In the first part, the server is not implementing graceful shutdown. When it receives the shutdown signal, it immediately begins the shutdown procedure, even if there are still requests in process. This is undesirable because it may cause request loss or, worse, data corruption if the server performs write operations.

In the second part, when the server implements graceful shutdown, it waits until all ongoing requests have been completed before starting the shutdown procedure. Despite the fact that the server had already received the shutdown signal while it was still processing requests, it deferred the shutdown procedure.

This shutdown procedure is essential for production services, as it is listed as one of the best practices for building modern applications in the Twelve-Factor App.

In the next section, we will discuss how the graceful shutdown procedure is implemented in Go.

Implementation

If you already used the http.Server to serve your API, you’re on the right track. It has a method called Shutdown that will reject new requests and wait until all ongoing requests are finished before proceeding with the shutdown procedure.

The missing part is that we need some way to listen to a signal that used to begin the shutdown protocol. By following the Twelve-Factor App guidelines, a signal that is used to request a shutdown is the SIGTERM signal. We can find this signal in the syscall package. To listen to a certain signal event, we can use the Notify function from the signals package. But before we implement the shutdown signal listener, let us see the server code that we used in the previous video as our foundation code.

func slowHandler(w http.ResponseWriter, r *http.Request) {
	id := r.Header.Get("X-Request-Id")
	log := slog.Default().With("id", id, "method", r.Method, "path", r.URL.Path)

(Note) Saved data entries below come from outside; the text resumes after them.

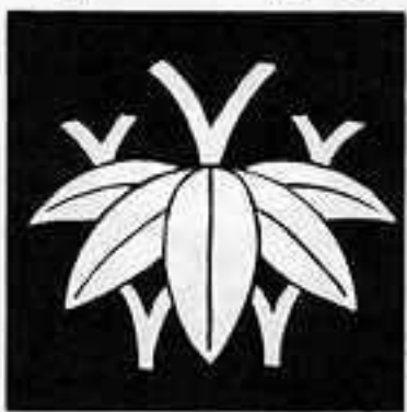
股付き変わり根笹 またつきかわりねささ
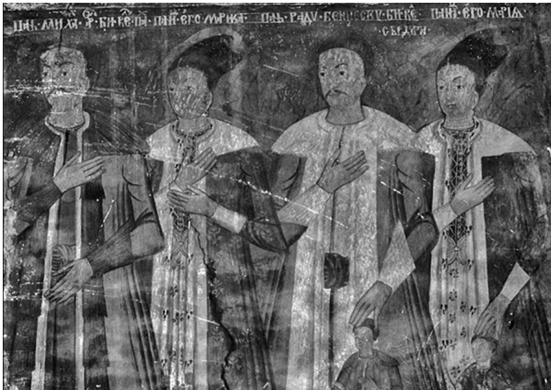
2. Biserica Sf. Voievozi, com. Braloștița, jud. Dolj, Panițele Marica și Maria, pronaos, latura N, detaliu

anterior cu gulerul, lateralele fețelor și manșetele înalte, din blană albă; părul, cu cărare pe mijloc și prins în coc la spate, este acoperit cu căciuli înalte.
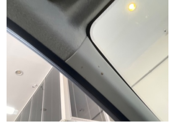
Döşemeler/Kapaklar, Döşemeler/Kapaklar > Kirlenmiş
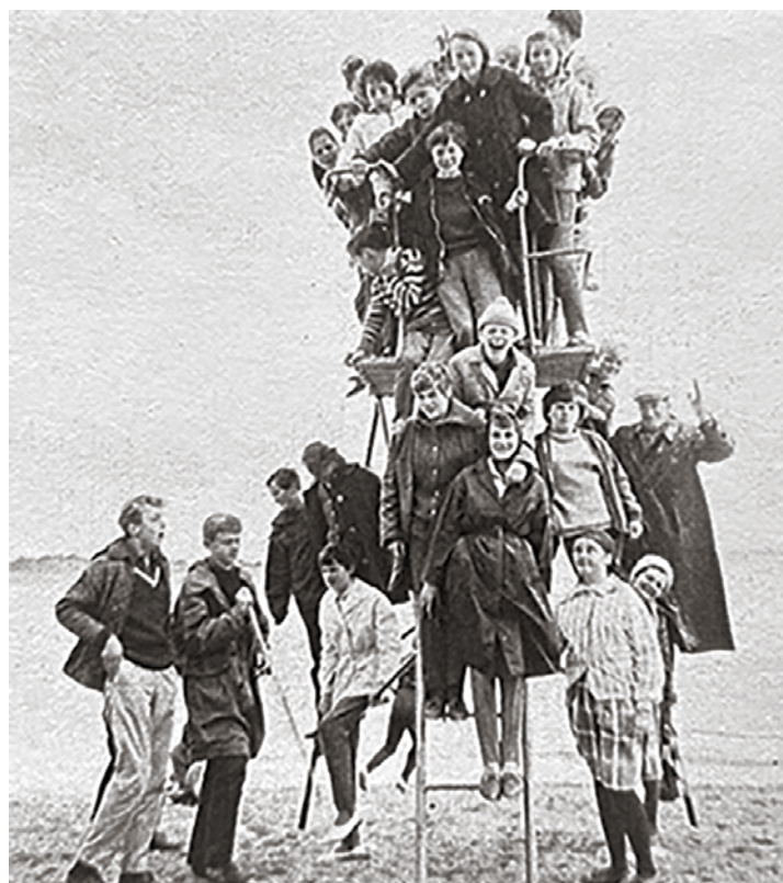
1962 die erste Klassenfahrt

	// simulate slow process.
	delay := time.Duration(5+rand.Intn(5)) * time.Second // 5-10 seconds.

	startedAt := time.Now()
	log.Info("req received", "delay", delay)
	defer func() {
		log.Info("req completed", "latency", time.Since(startedAt))
	}()

	time.Sleep(delay)
	w.WriteHeader(http.StatusOK)
	_, _ = io.WriteString(w, id)
}

func main() {
	log := slog.New(slog.NewTextHandler(os.Stderr, &slog.HandlerOptions{}))
	slog.SetDefault(log)

	mux := http.NewServeMux()
	mux.HandleFunc("/slow-process", slowHandler)

	// create http server.
	srv := &http.Server{Addr: ":8080", Handler: mux}
	log.Info("server started", "addr", srv.Addr)
	if err := srv.ListenAndServe(); err != nil {
		log.Error("could not start server", "error", err)
		os.Exit(1)
	}
}

Now let us add the signal listener that is used to start the shutdown procedure.

diff --git a/server/main.go b/server/main.go
index 284a1f5..88ce40c 100644
--- a/server/main.go
+++ b/server/main.go
@@ -6,6 +6,8 @@ import (
"math/rand"
"net/http"
"os"
+	"os/signal"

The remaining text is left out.